Zymosan-Induced Acute Peritonitis in Mice

The peritonitis was determined as previously described [56,57]. The mice were treated (p.o.) with 5% DMSO plus saline, 10 mg kg⁻¹ indomethacin and ICMD-01 at 50 mg kg⁻¹. After 1 h of the treatment, the animals were intraperitoneally injected with 2% zymosan. After 4 h, the animals were euthanized, and 3 mL of heparinized PBS was injected into the peritoneal cavity. The cells were resuspended in 500 μL PBS and an aliquot of 10 μL was diluted with Turk’s solution (1:20). The total leukocytes were counted in a Neubauer chamber using a light microscope, examining four external quadrants.

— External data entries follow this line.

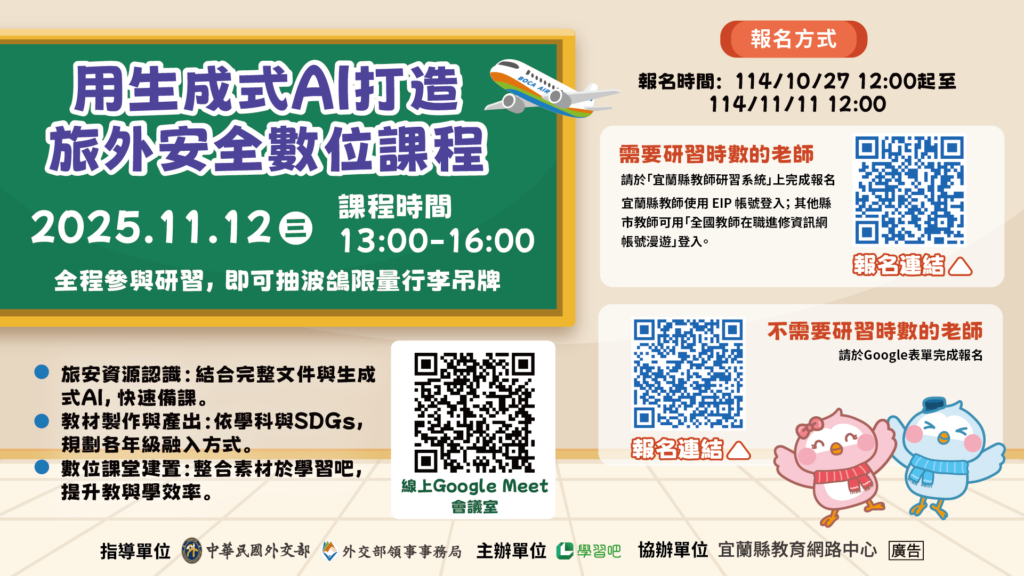 ✈️上次錯過的老師別再錯過!第二期「用生成式AI打造旅外安全數位課程」研習開放報名囉!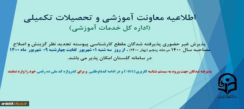 اطلاعیه پذیرش غیر حضوری پذیرفته شدگان مقطع کارشناسی پیوسته تجدید نظر گزینش نوبت پنجم سال1400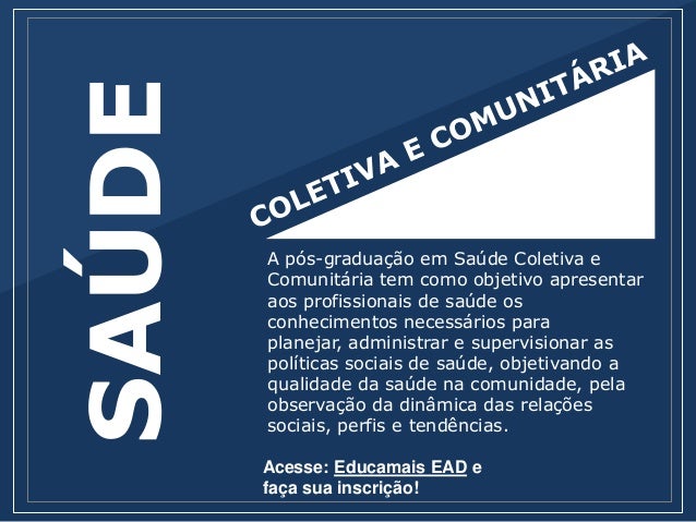 O curso Saúde Coletiva e Comunitária apresenta aos profissionais de saúde os conhecimentos necessários para planejar, administrar e supervisionar as políticas sociais de saúde, objetivando a qualidade da saúde na comunidade, pela observação da dinâmica das relações sociais, perfis e tendências.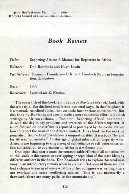 Book review : Reporting Africa: a manual for reporters in Africa. Don Rowlands and Hugh Lewin (eds.). Zimbabwe, Thomson Foundation U.K. and Friedrich Nauman Foundation, 1985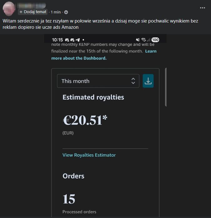 Miesiąc temu zakupiłem kurs Amazon Produkt24 i zacząłem robić swoje pierwsze produkty. Kurs zawierał wszystkie informacje potrzebne, aby zacząć biznes z KDP. Nie ukrywam, że moim celem było głównie zarabianie, ale tworzenie i projektowanie zaczęło mi również sprawiać frajdę. Jestem bardzo zadowolony z kursu i była świetna decyzja dla osoby, która nie korzystała wcześniej z Amazona.

Ulcerogenic Liability Study

The ICMD-01 has been tested for its ulcerogenic liability using the previously reported method with adaptations [58]. The control group received the vehicle (5% DMSO plus saline) while the other group received the test compound at a dose of 50 mg kg⁻¹; then animals were fed after 2 h. Mice were given the specified fosse orally for seven successive days. Mice were euthanized 2 h after the last dose; then the stomach of each mouse was removed and opened along the greater curvature for determination of the ulcer number and ulcer index.

3.6. Statistical Analysis

Data are presented as means ± standard errors of the means (SEM) of measurements made on 6–9 animals in each group. Comparisons between three or more treatments were made using one-way ANOVA with Tukey’s post-hoc test, or for repeated measures, two-way ANOVA with Bonferroni’s post-hoc test, as appropriate. All data were analyzed using Prism 5 Computer Software (GraphPad, San Diego, CA, USA). Statistical differences were considered to be significant at p < 0.05.

4. Conclusions

Altogether, this study demonstrates for the first time, the in vivo anti-inflammatory properties of the phenylacrylamide derivative ICMD-01. Results suggest that the anti-inflammatory effects of this new compound may partially be related to the suppression of mediators, such as cytokines, nitric oxide and prostaglandin. This preliminary study supports ICMD-01 as a strong anti-inflammatory drug candidate that exhibits potentiated pharmacological responses and slighter undesirable effects related to gastrointestinal damage associated with the prolonged use of conventional drugs.

5. Patents

Privilege of Innovation. Registration number: BR10201902032; title: Hybrid Compounds (E)-2-Cyano-3-(1H-indol-3-yl) N-phenylacrylamide with immunomodulatory, anti-inflammatory and analgesic potential. Registration institution: INPI—Instituto Nacional da Propriedade Industrial. Deposit: 29/09/2019.